The new Lindberg (that of the last 10-15 years) continues to stimulate the imagination and intelligence of music lovers. This Lindberg, whose expressive palette has substantially softened in comparison with the hard, steel-cold modernism of his early works (think of the extraordinary, but pitiless, Aura or Kraft), offers here three magnificent scores bathed in light and abounding like an explosion of floral colors. First, a Concerto for viola, the first of its kind for this composer, who already has two for violin, two for cello and three for piano. Lindberg constructs his harmonic edifice in pentatonic groups, and the work’s narrative in a palette of musical characters exchanged by the protagonists (viola and orchestra), rather than having the two fight each other. These characters chase each other in a flourishing whirlwind towards a clarified resolution. Written for a Mozartean orchestra, the work has a particularly pleasing lightness.

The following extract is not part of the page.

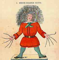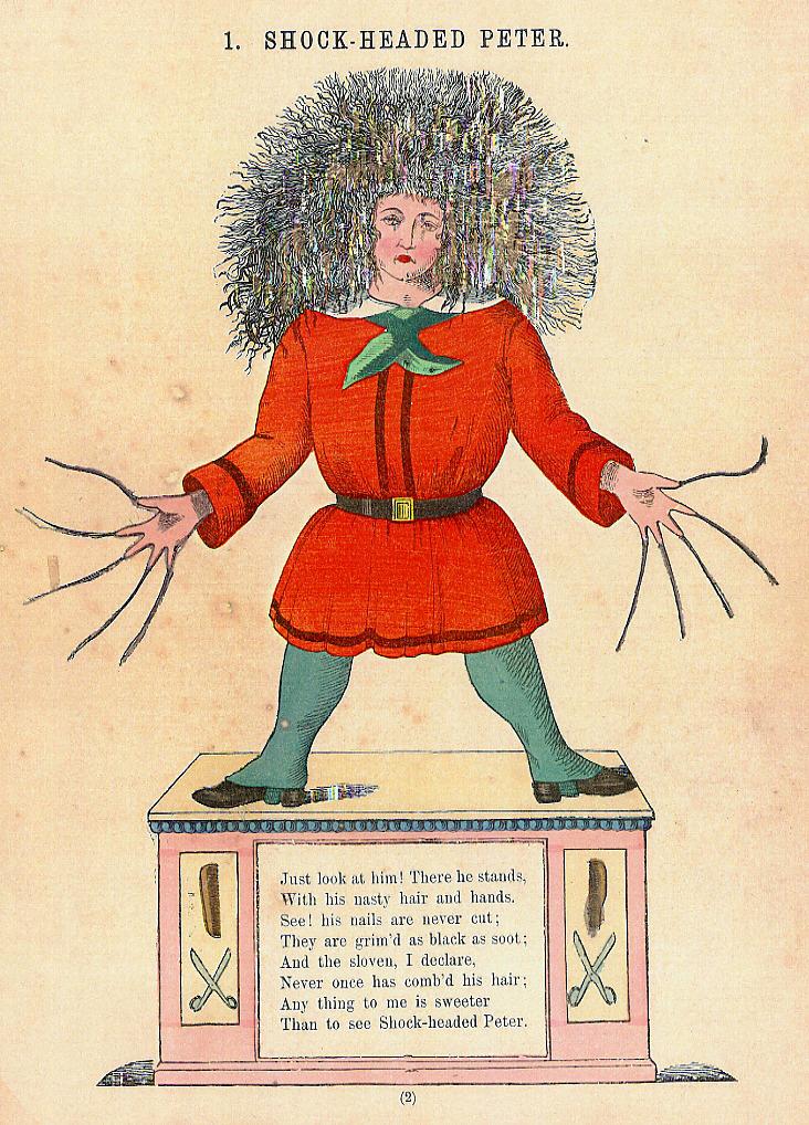 Just look at him! There he stands, With his nasty hair and hands. See! his nails are never cut; They are grim'd as black as soot; And the sloven, I declare, Never once has comb'd his hair; Any thing to me is sweeter Than to see Shock-headed Peter.

Lawrence Foster fully masters the composer’s twirling lines, adding his own airy quality to the score. The Finnish orchestra conducted by Nicholas Collon offers a lacy, scintillating and extremely refined accompaniment. A real treat.
Two symphonic poems complete the program on this album. Absence and Serenades come from the same recently softened pen of the Finnish composer, which in no way detracts from the still dense character of his writing. The softer sonorities serve, in fact, to make an equally rigorous, complex and demanding discourse more accessible. Take Absence, an interweaving of references, transformations and reflections on the work’s “hidden” subject: Beethoven. There are quotations from Piano Sonata No. 26 ”Les Adieux” (another absence), and harmonic motifs associated with Symphonies Nos. 2 and 9. Lindberg was also inspired by the conversation notes Beethoven used at the end of his life to communicate (now completely deaf). Metaphorically, the absence here is that of the ability to communicate naturally, a striking contradiction in the case of an artist, all this in a beautiful musical canvas.
Then, Serenades was commissioned by the Chicago Orchestra, an unusual request considering the history of serenades through the ages, a form associated with slow and/or nocturnal music, whereas Lindberg is used to writing agitated, often violent music. In the end, the Serenades the composer wrote are “rather wild”… Yes, but in the context of a savagery partially tamed in recent years, the score revealed in magnificent orchestral splendor is archly seductive.
One could hardly hope for better in terms of musical quality and interpretation. Magnus Lindberg remains one of the great artists of our time.